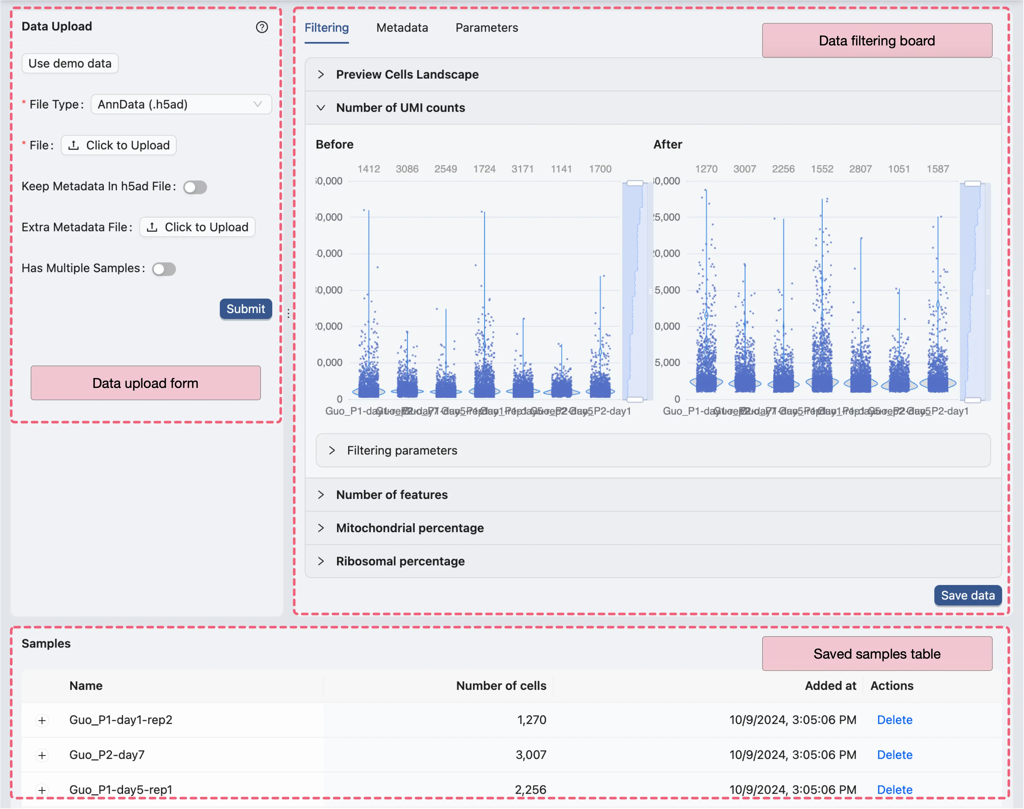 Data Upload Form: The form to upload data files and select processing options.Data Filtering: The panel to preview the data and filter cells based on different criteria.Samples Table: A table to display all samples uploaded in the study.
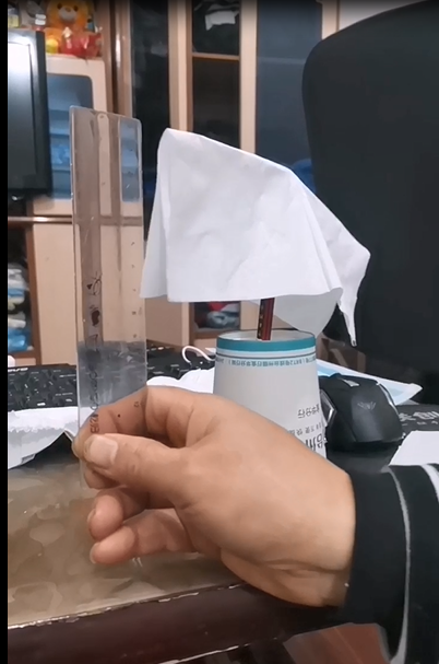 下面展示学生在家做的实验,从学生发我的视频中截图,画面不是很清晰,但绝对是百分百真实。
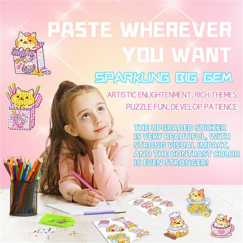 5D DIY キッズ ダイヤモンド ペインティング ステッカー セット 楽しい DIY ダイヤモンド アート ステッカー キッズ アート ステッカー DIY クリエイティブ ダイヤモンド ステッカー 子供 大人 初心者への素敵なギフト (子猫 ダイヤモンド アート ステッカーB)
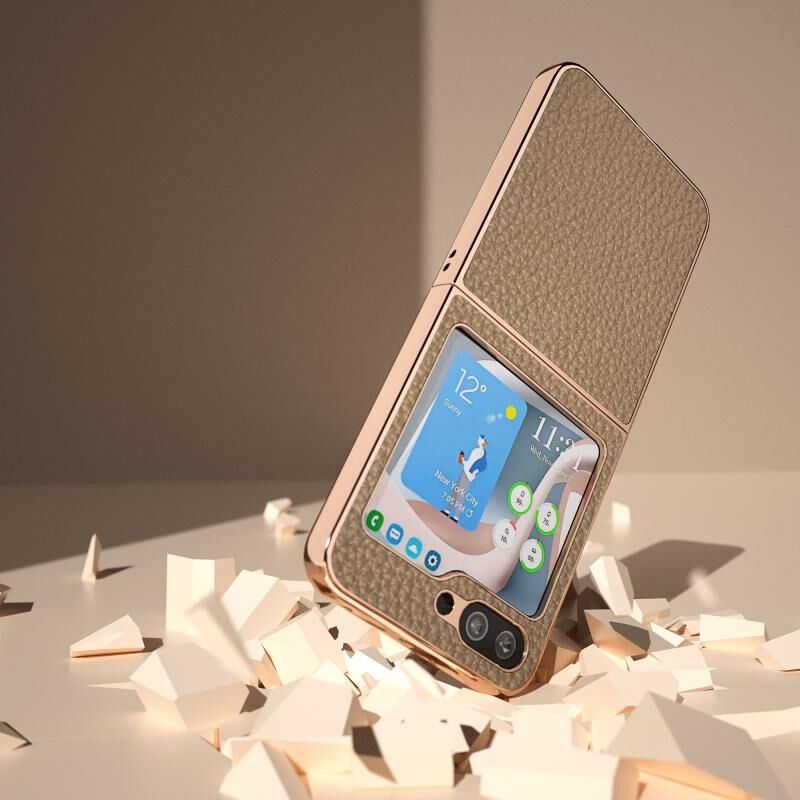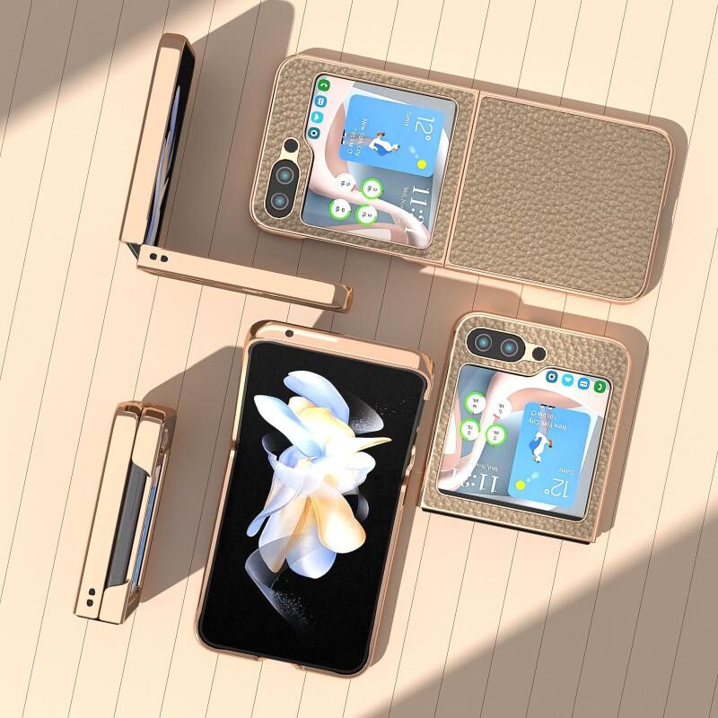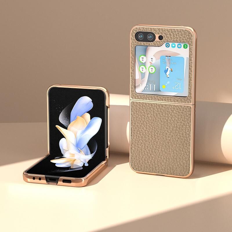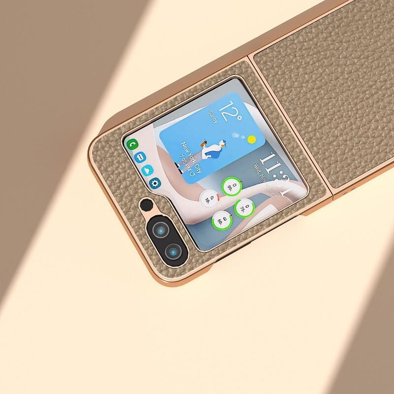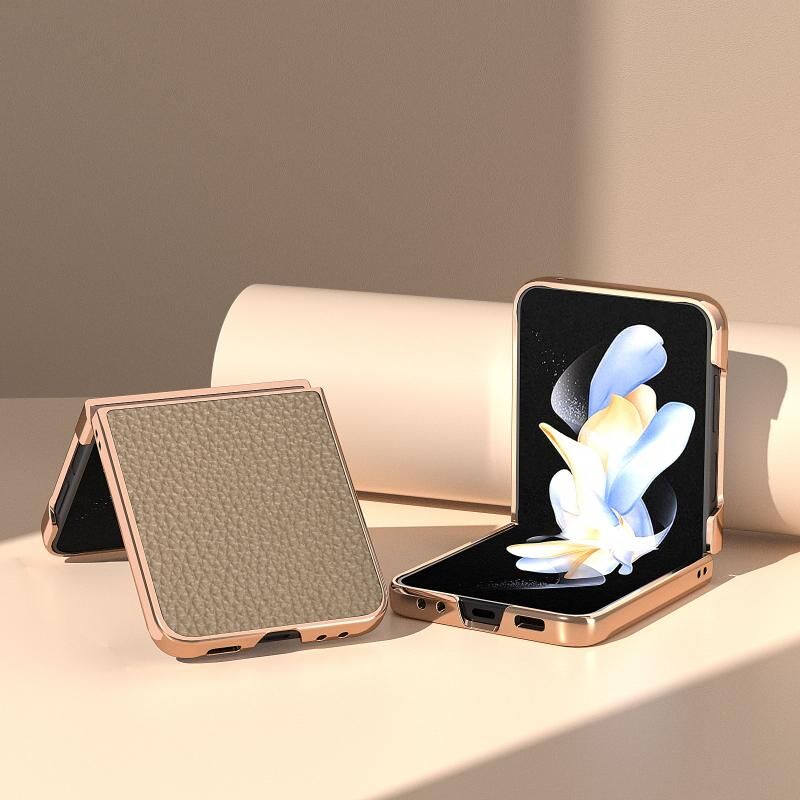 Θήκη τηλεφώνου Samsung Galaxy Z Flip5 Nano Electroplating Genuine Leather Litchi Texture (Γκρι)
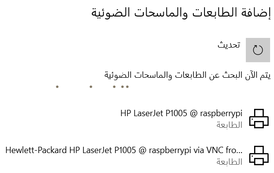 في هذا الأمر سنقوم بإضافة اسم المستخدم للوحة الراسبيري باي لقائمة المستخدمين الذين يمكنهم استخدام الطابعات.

◆ **EXERCISE**
Copy the listing exactly. Leave the pictures out.

◆ **EXERCISE OUTPUT**
 Data Upload Form: The form to upload data files and select processing options.Data Filtering: The panel to preview the data and filter cells based on different criteria.Samples Table: A table to display all samples uploaded in the study.
 下面展示学生在家做的实验,从学生发我的视频中截图,画面不是很清晰,但绝对是百分百真实。
 5D DIY キッズ ダイヤモンド ペインティング ステッカー セット 楽しい DIY ダイヤモンド アート ステッカー キッズ アート ステッカー DIY クリエイティブ ダイヤモンド ステッカー 子供 大人 初心者への素敵なギフト (子猫 ダイヤモンド アート ステッカーB)
 Θήκη τηλεφώνου Samsung Galaxy Z Flip5 Nano Electroplating Genuine Leather Litchi Texture (Γκρι)
 في هذا الأمر سنقوم بإضافة اسم المستخدم للوحة الراسبيري باي لقائمة المستخدمين الذين يمكنهم استخدام الطابعات.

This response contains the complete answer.